4. A surface ionization source according to claim 3 wherein said glass bead includes one of sodium or potassium.
5. A surface ionization source according to claim 4 including an insulating ceramic ring engaged to said housing and extending around said surface, said ring being engaged against said extraction plate for closing said surface and for insulating said extraction plate from said housing.
The invention described herein may be manufactured, used and licensed by or for the Government for Governmental purposes without the payment to us of any royalties thereon.
The present invention relates in general to the field of ion generation and in particular to a new and useful surface ionization source which is capable of converting neutral molecules into ions containing the molecules.
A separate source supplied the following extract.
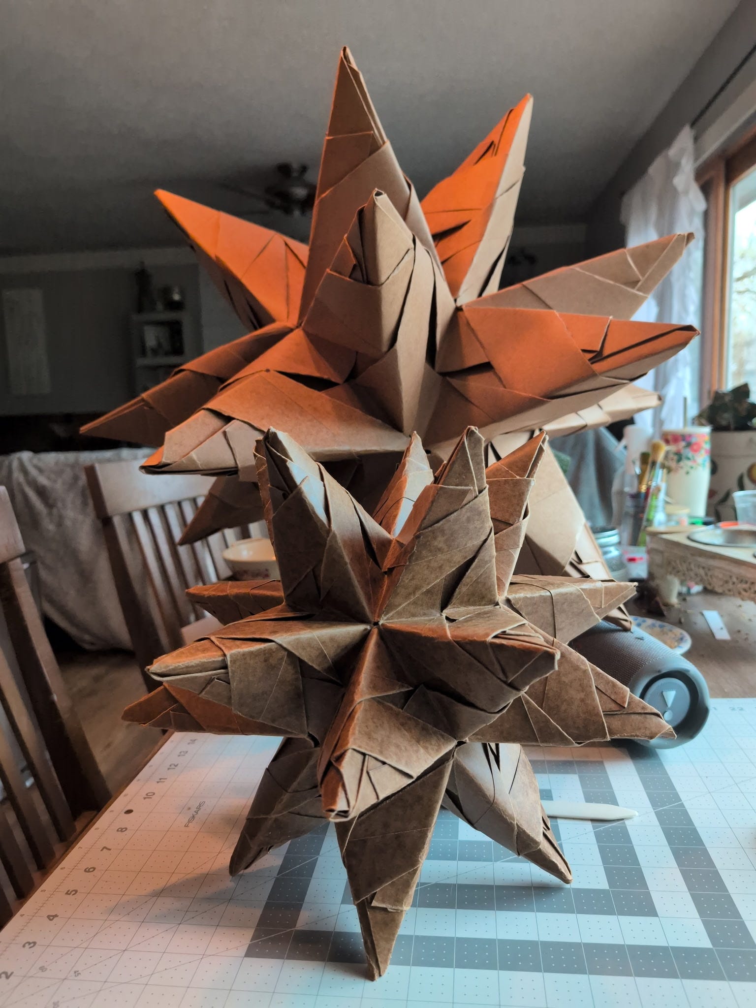 It’s originally in 2 x 3 foot sections. I cut them down to make this smaller stellated icosohedron (30 pieces). Each piece was 6 in by 12 in.

Many ways are already known for producing gas phase ions for analysis by mass spectrometry. The most commonly used of these methods are electron impact, in which a beam of energetic (typically 70 electron volts) electrons is passed through a low pressure (less than 10-4 torr) of vaporized sample. This was the earliest and is still the most widely used method of forming ions in commerically produced mass spectrometers. Typically, the electron impact ionization results in the formation of a large number of fragment ions and in many cases does not produce a significant abundance of intact molecular ions. The molecular ions are useful because they provide information on the molecular weight of of the sample molecules.
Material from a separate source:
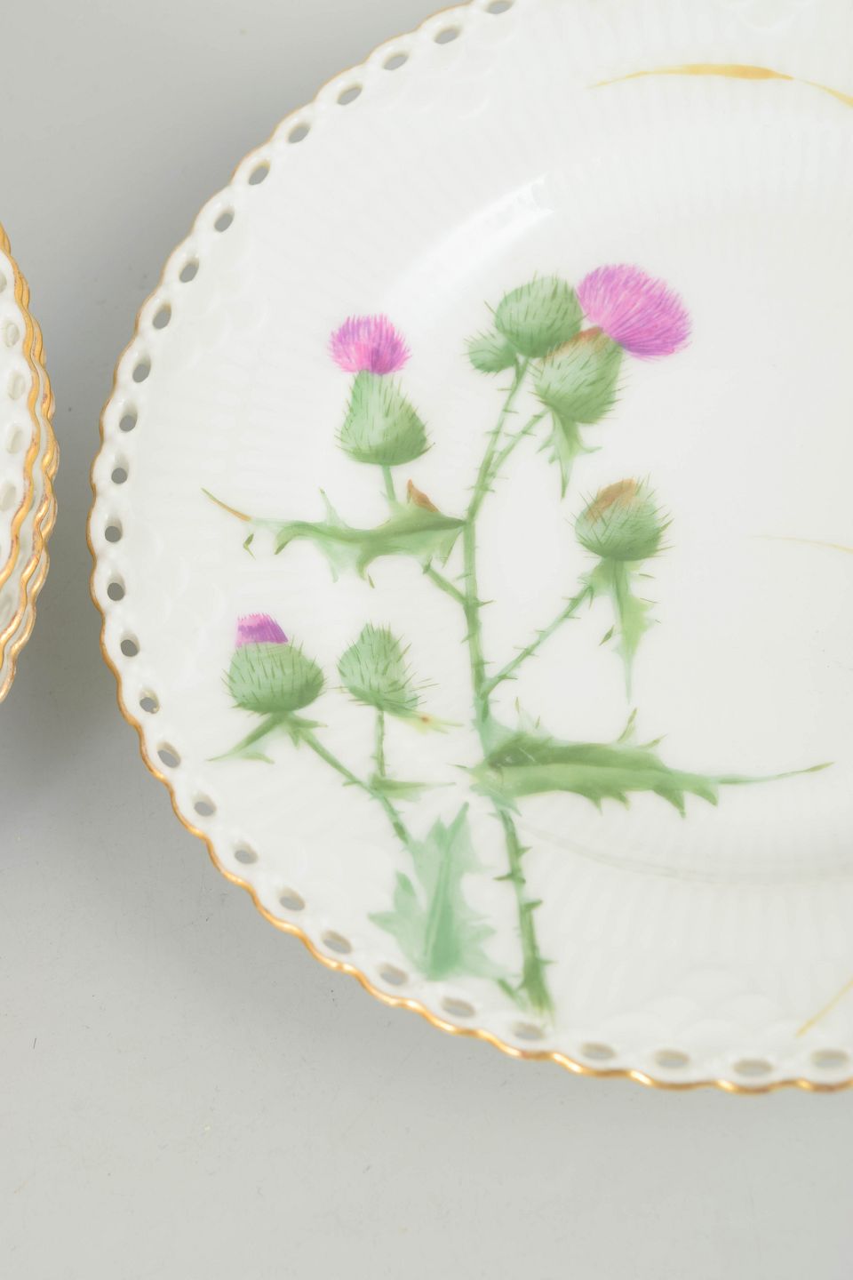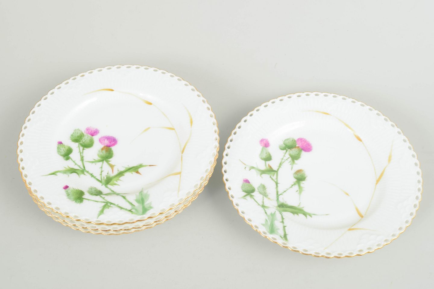 Royal Copenhagen, sæt på 4 antikke tallerkener, tidsel.Håndmalede porcelænstallerkener med gennembrudt rand og naturalistisk dekoration med tidselmotiv. Udført med fine farvenuancer og diskrete forgyldninger, karakteristisk for Royal Copenhagens produktion i det 19. århundrede.

The more recent innovation of chemical ionization forms ions by means of a gas phase chemical reaction between ions produced from a reagent gas, present in large excess, and the neutral sample molecules. These ions are typically the sample molecule plus one proton, and the molecular weight of the original sample can be easily deduced by subtracting the mass of a proton, namely, 1.0007825, from the measured mass of the MH+ ion.
Many other methods of ionization exist but are less commonly used. Among these are ionization by vacuum ultraviolet photons, termed photoionization; ionization by very high electric fields, termed field ionization; and ionization by bombardment of the sample upon a solid surface with high energy beams of either ionic or neutral particles.
Mass spectrometers are useful in detecting contaminants in the air. One such application is in the field of chemical warfare where it is desired to determine whether a chemical is present on a battlefield. The application of mass spectroscopy however is complicated in the environment of a battlefield which would be expected to contain other substances that would not normally be found in clean air.
A man-portable field alarm system for chemical agents based on the principle of tandem mass spectrometry or mass spectrometry/mass spectrometry (MS/MS) would be very useful if such a device could be constructed. Such man-portable field alarm systems would be required to detect trace levels of chemical agents in the presence of large concentrations of complex interfering substances, such as diesel fuel smoke. Based on the results of several space exploration programs, a single, small, compact, man-portable, battery-operated mass spectrometer system could easily be produced that is capable of detecting trace levels of chemical agents in clean air. However, to detect chemical agents in the presence in high concentrations of interfering mixtures, a more sophisticated MS/MS system is required.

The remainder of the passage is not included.